[Data to use]:
────

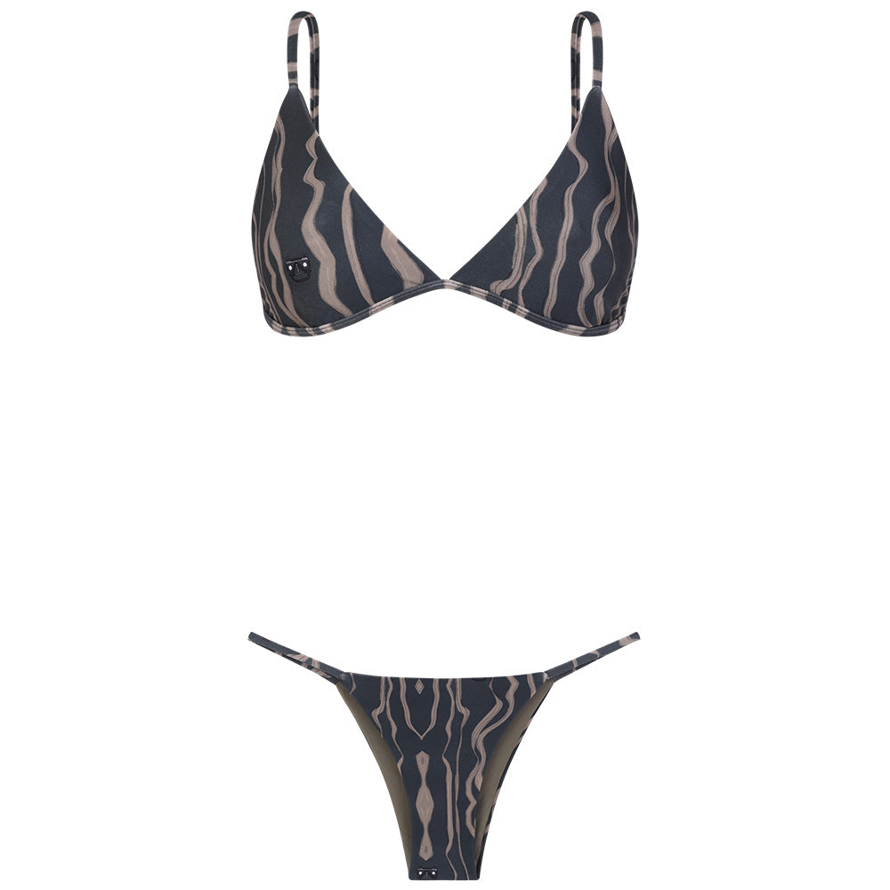 The top is a classic triangle design with adjustable straps, ensuring comfort and support. The minimalist design highlights its timeless elegance, while the adjustable back provides a perfect fit. The matching bottom features a simple and elegant cut with adjustable side ties that perfectly complement the top, creating a balanced and flattering look. Fully lined for added quality and comfort.
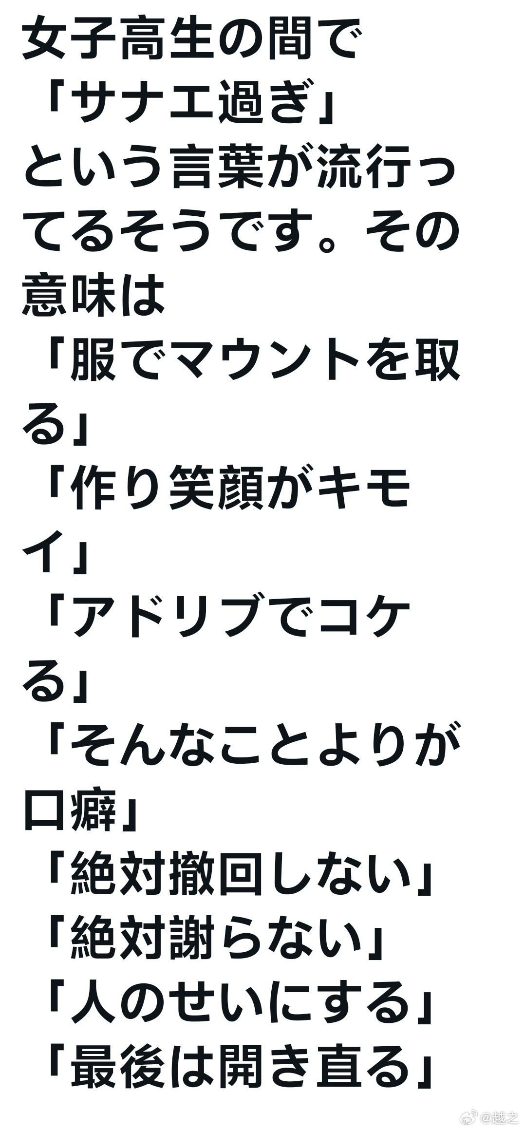每日海外笑话日本女高中生新流行语“太早苗了”。这句话的意思或者一般用在:“穿什么衣服最重要”(来自高市参加G20因为穿衣迟到)“假笑过分得让人吐。”“顺嘴胡说。”“绝对不撤回。”“绝对不道歉。”“总觉得是别人的错。”
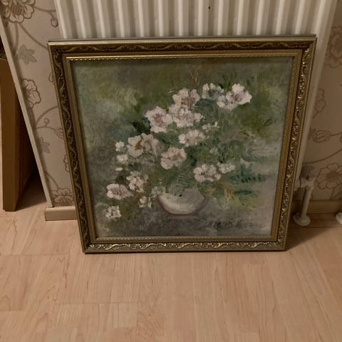 Öljyvärimaalaus, jossa on kukkakuvio ja kulta kehys. Kehyksen takana ripustuslanka. Kuvassa kukkia maljakossa, tausta tummanruskea.
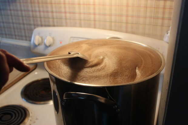 - Llevar el mosto a ebullición, teniendo cuidado de no dejarlo hervir. Sugerencia: Como el mosto se obtiene cerca de ebullición, proteína se acumulará en la superficie. Al llegar a este punto, disminuir la temperatura de su calentador un poco hasta que la proteína cae de nuevo en la hierba.
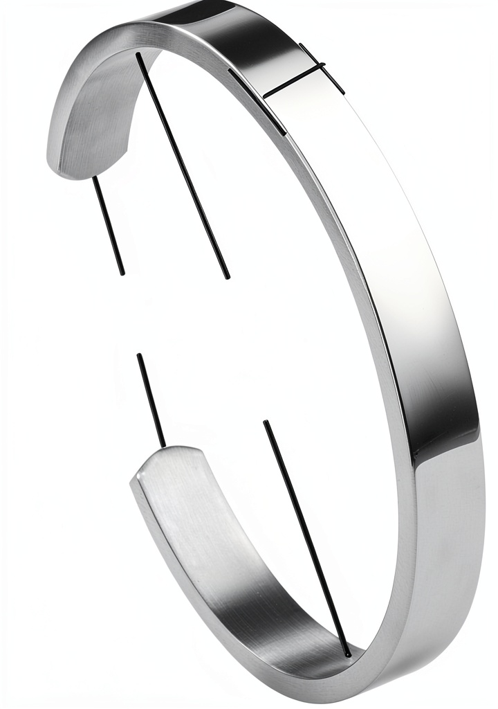 - Design jonc manchette large ouvert facilitant l’enfilage et s’adaptant aux poignets de 21-22 cm.
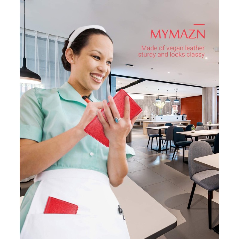 Mymazn Mymazn Server Book for Waitress Book Serving Book Waiter Book Server Wallet Server Booklet Restaurant Waitstaff Organizer, Guest Check Book Holder Money Pocket Fit Server Apron (Red)
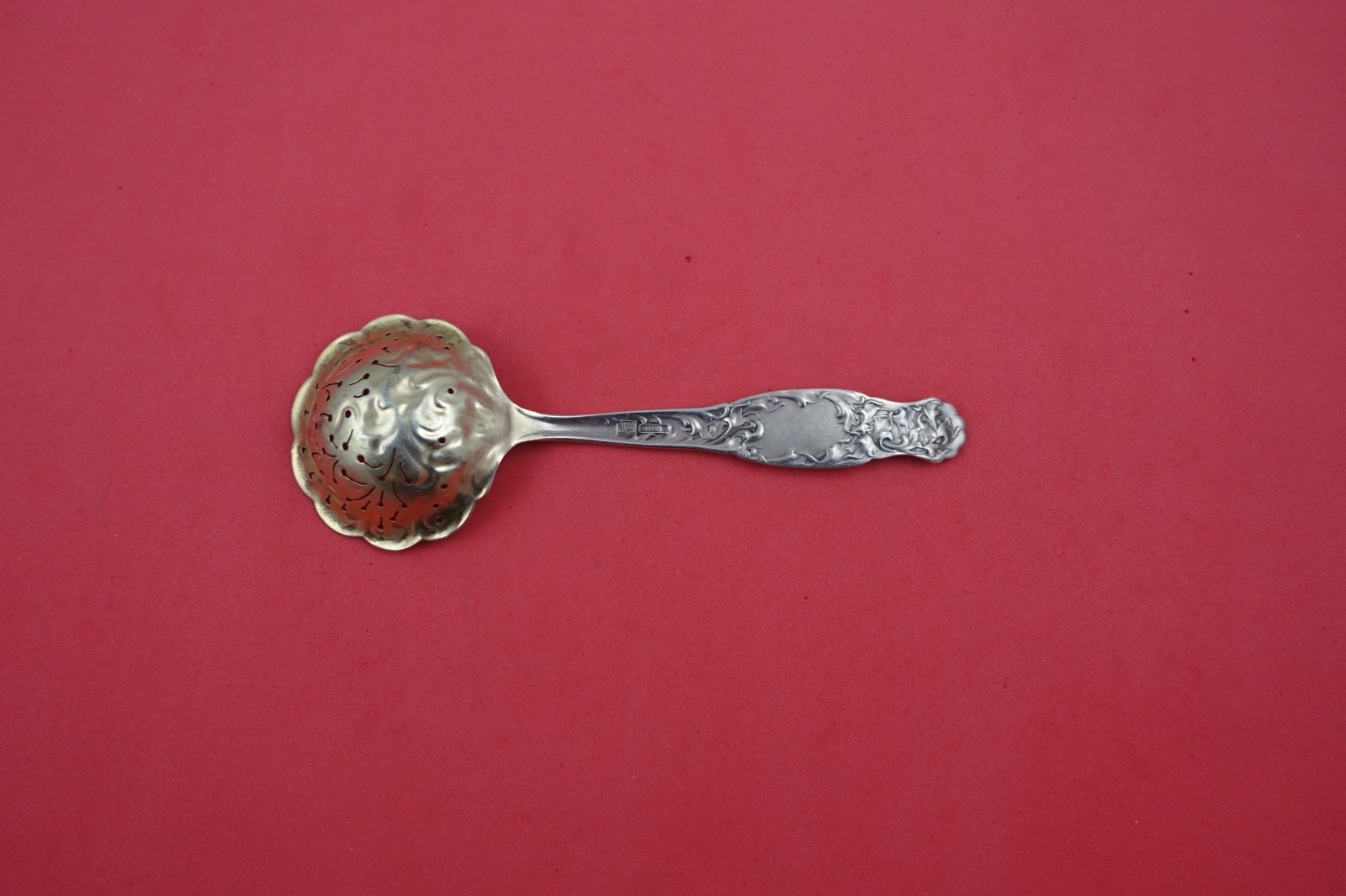 Sterling silver Sugar Sifter, gold washed with design in bowl and small hole piercing with stem 5 7/8" in the pattern Heraldic by Whiting. It is monogrammed (monos vary) and is in excellent condition.
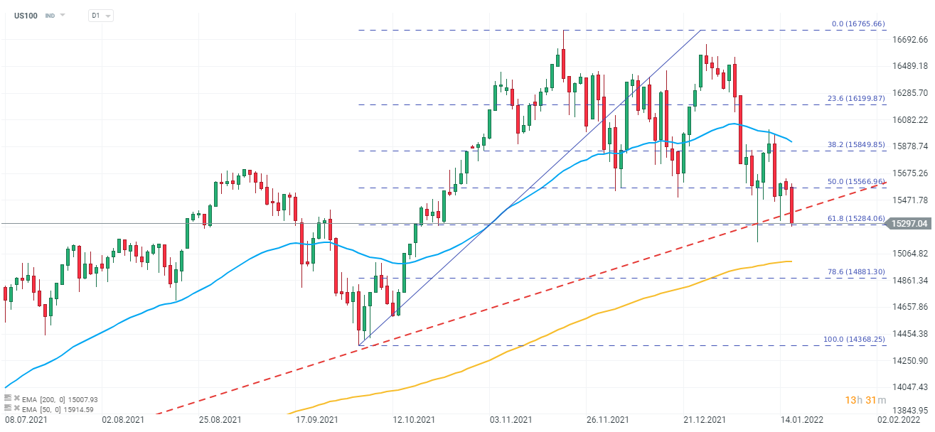 US100, interval D1. Contractele futures pe indicele tehnologic din SUA au scăzut brusc la începutul sesiunii de astăzi, picând din nou sub limita inferioară a liniei ascendente pe termen lung și întâmpinând dificultăți în a rămâne deasupra retragerii Fibonacci de 63,8%. Dacă scăderile accelerează, următorul nivel de suport poate fi aproape de 15.150 de puncte. Rezistența locală rămâne la 15.500 de puncte. Sursa: xStation 5
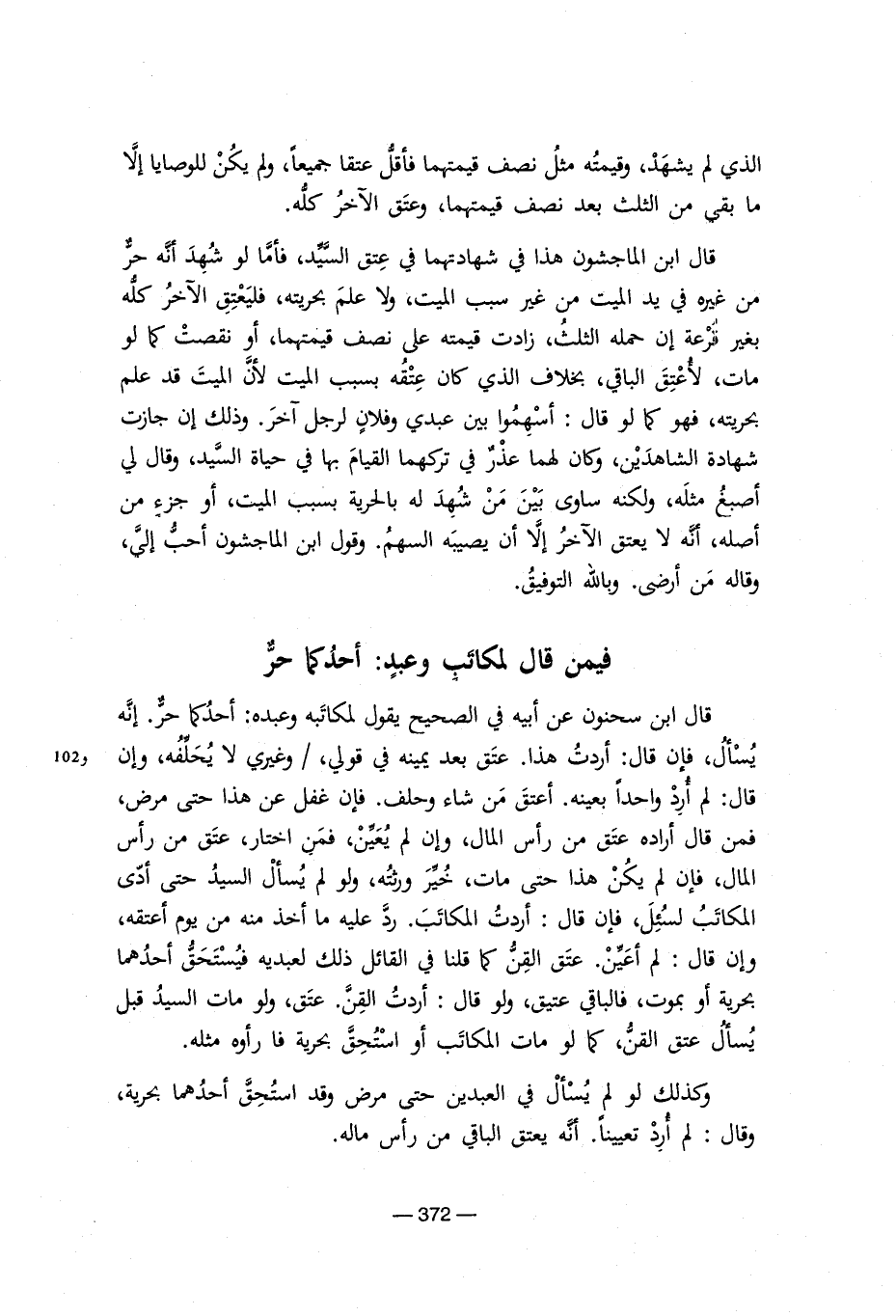 الذى لم يشهد, وقيمته مثل نصف قيمتهما فأقل عتقا جميعا, ولم يكن للوصايا إلا ما بقى من الثلث بعد نصف قيمهما, وعتق الآخر كله. قال ابن الماجشون هذا فى شهادتهما فى عتق السيد, فأما لو شهد انه حر من غيره فى يد الميت من غير سبب الميت, ولا علم بحريته, فليعتق الآخر كله بغير قرعة إن حملهالثلث, زادت قيمة على نصف قيمتهما, او نقصت كما لو مات, لأعتق الباقى, بخلاف الذى كان عتقه بسب الميت لأن الميدت قد علم بحريته, فهو كما قال: أسهموا بين عبيدى وفلان لرجل آخر. وذلك إن جازت شهادة الشاهدين, وكان لهما عذر فى تركهما القيام بها فى حياة السيد, أو جزء من أصله, أنه لا يعتق الآخر إلا أن يصبه السهم. وقول ابن الماجشون أحب إلى, وقاله من رضى وبالله التوفيق. فيمن قال لماكتب وعبد: أحدكما حر قال ابن سحنون عن أبيه فى الصحيح يقول لمكاتبه وعبده: احدكما حر. إنه يسأل, فإن قال: اردت هذا. عتق بعد يمينه فى قولى,/ وغيرى لا يحلفه, وإن قال: لم أرد واحدا بعينه. أعتق من شاء وحلف. فإن غفل عن هذا حتى مرض, فمن قال أراده عتق من رأس المال, وإن لم يعين, فمن اختار, عتق من رأس المال, فإن لم يكن هذا حتى مات, خير ورثته, ولو لم يسأل السيد حتى أدى المكاتب لسئل, فإن قال: لم أعين. عتق القن كما قلنا فى القائل ذلك لعبديه فيستحق أحدهما بحرية أو بموت, فالباقى عتيق, ولو قال: أردت القن. عتق, ولو مات السيد قبل يسأل عتق لاقن, كما لو مات المكاتب أو استحق فا رأوه مثله. وكذلك لو لم يسأل فى العبدين حتى مرض وقد استحق احدهما بحرية وقال: لم أرد تعينا. أنه يعتق الباقى من رأس ماله

────

[Exercise aim]: Only the pictures may be dropped when you copy the data above; everything else stays exact.

[Solution for this exercise]:
 The top is a classic triangle design with adjustable straps, ensuring comfort and support. The minimalist design highlights its timeless elegance, while the adjustable back provides a perfect fit. The matching bottom features a simple and elegant cut with adjustable side ties that perfectly complement the top, creating a balanced and flattering look. Fully lined for added quality and comfort.
每日海外笑话日本女高中生新流行语“太早苗了”。这句话的意思或者一般用在:“穿什么衣服最重要”(来自高市参加G20因为穿衣迟到)“假笑过分得让人吐。”“顺嘴胡说。”“绝对不撤回。”“绝对不道歉。”“总觉得是别人的错。”
 Öljyvärimaalaus, jossa on kukkakuvio ja kulta kehys. Kehyksen takana ripustuslanka. Kuvassa kukkia maljakossa, tausta tummanruskea.
 - Llevar el mosto a ebullición, teniendo cuidado de no dejarlo hervir. Sugerencia: Como el mosto se obtiene cerca de ebullición, proteína se acumulará en la superficie. Al llegar a este punto, disminuir la temperatura de su calentador un poco hasta que la proteína cae de nuevo en la hierba.
 - Design jonc manchette large ouvert facilitant l’enfilage et s’adaptant aux poignets de 21-22 cm.
 Mymazn Mymazn Server Book for Waitress Book Serving Book Waiter Book Server Wallet Server Booklet Restaurant Waitstaff Organizer, Guest Check Book Holder Money Pocket Fit Server Apron (Red)
 Sterling silver Sugar Sifter, gold washed with design in bowl and small hole piercing with stem 5 7/8" in the pattern Heraldic by Whiting. It is monogrammed (monos vary) and is in excellent condition.
 US100, interval D1. Contractele futures pe indicele tehnologic din SUA au scăzut brusc la începutul sesiunii de astăzi, picând din nou sub limita inferioară a liniei ascendente pe termen lung și întâmpinând dificultăți în a rămâne deasupra retragerii Fibonacci de 63,8%. Dacă scăderile accelerează, următorul nivel de suport poate fi aproape de 15.150 de puncte. Rezistența locală rămâne la 15.500 de puncte. Sursa: xStation 5
 الذى لم يشهد, وقيمته مثل نصف قيمتهما فأقل عتقا جميعا, ولم يكن للوصايا إلا ما بقى من الثلث بعد نصف قيمهما, وعتق الآخر كله. قال ابن الماجشون هذا فى شهادتهما فى عتق السيد, فأما لو شهد انه حر من غيره فى يد الميت من غير سبب الميت, ولا علم بحريته, فليعتق الآخر كله بغير قرعة إن حملهالثلث, زادت قيمة على نصف قيمتهما, او نقصت كما لو مات, لأعتق الباقى, بخلاف الذى كان عتقه بسب الميت لأن الميدت قد علم بحريته, فهو كما قال: أسهموا بين عبيدى وفلان لرجل آخر. وذلك إن جازت شهادة الشاهدين, وكان لهما عذر فى تركهما القيام بها فى حياة السيد, أو جزء من أصله, أنه لا يعتق الآخر إلا أن يصبه السهم. وقول ابن الماجشون أحب إلى, وقاله من رضى وبالله التوفيق. فيمن قال لماكتب وعبد: أحدكما حر قال ابن سحنون عن أبيه فى الصحيح يقول لمكاتبه وعبده: احدكما حر. إنه يسأل, فإن قال: اردت هذا. عتق بعد يمينه فى قولى,/ وغيرى لا يحلفه, وإن قال: لم أرد واحدا بعينه. أعتق من شاء وحلف. فإن غفل عن هذا حتى مرض, فمن قال أراده عتق من رأس المال, وإن لم يعين, فمن اختار, عتق من رأس المال, فإن لم يكن هذا حتى مات, خير ورثته, ولو لم يسأل السيد حتى أدى المكاتب لسئل, فإن قال: لم أعين. عتق القن كما قلنا فى القائل ذلك لعبديه فيستحق أحدهما بحرية أو بموت, فالباقى عتيق, ولو قال: أردت القن. عتق, ولو مات السيد قبل يسأل عتق لاقن, كما لو مات المكاتب أو استحق فا رأوه مثله. وكذلك لو لم يسأل فى العبدين حتى مرض وقد استحق احدهما بحرية وقال: لم أرد تعينا. أنه يعتق الباقى من رأس ماله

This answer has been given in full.